Using CFD to Model Fluid Flow in Steam Ejector

The typical ejector system consists of two different fluids: steam and
air. The motivating steam enters the ejector through an inlet and
accelerates through a converging-diverging (CD) nozzle. This accelerates
the steam to a velocity of approximately 3300 feet per second, exiting the
nozzle at a Mach speed of approximately 2.2. As the supersonic steam exits
the nozzle it entrains the fluid within the suction chamber, producing a
negative gauge pressure and thereby creating a vacuum. This study
specifically examines how the geometry of a diffuser, when extended into
the suction chamber and disrupting the flow of the entrained air, influences
the resulting suction pressure.

To achieve our objectives, computational fluid dynamics (CFD)
simulations were performed, modeling the steady state, multi-species flow
of steam and air throughout the ejector. The K-Epsilon turbulence model
was applied to solve the Continuity and Navier Stokes equations within a
discretized mesh enabling detailed analysis of the internal fluid domain.
Simulation outputs for velocity, temperature and pressure are compared
against experimental data to validate the accuracy of the simulations.

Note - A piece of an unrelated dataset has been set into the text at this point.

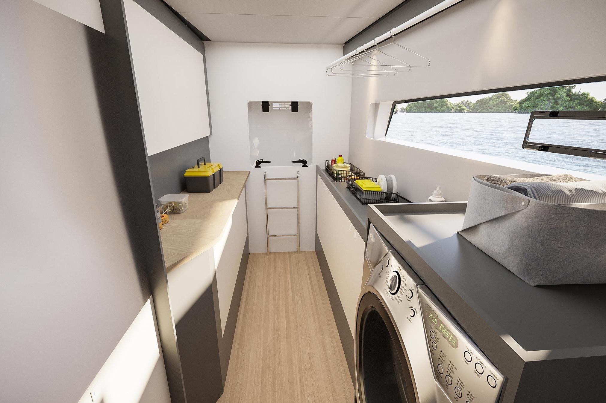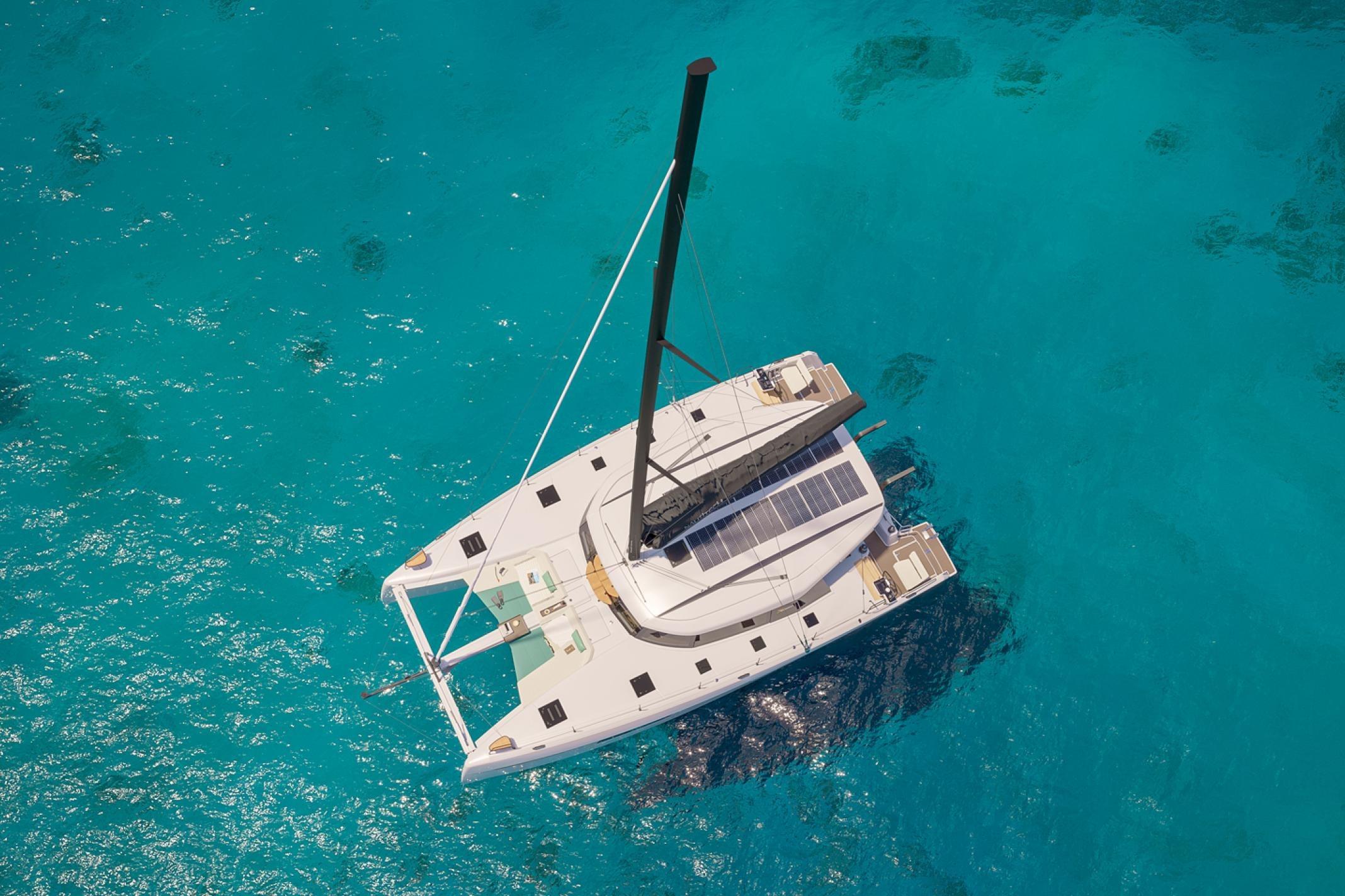 Designed by MLYDG, the 48 Open benefits from the latest advances in hydrodynamic performance to ensure the best balance between performance under sail and comfort in the hulls. Nothing has been left to chance in the design of this top-of-the-range boat to combine comfort, feeling at the helm, and ease of maneuvering whatever the conditions. The height of the bridgedeck, the slenderness of the hulls, the sail area, and the control of the displacement, all these elements contribute to a well-balanced boat.

This study demonstrates CFD’s capability to model the fluid domain
inside a steam ejector while capturing complex flow dynamics providing
valuable design insights to be used to optimize future ejectors. Creating a
quality mesh with fine detail throughout the geometry without scaling the
number of mesh elements proved to be instrumental in both simulation
accuracy and will be crucial to maintain as future work continues.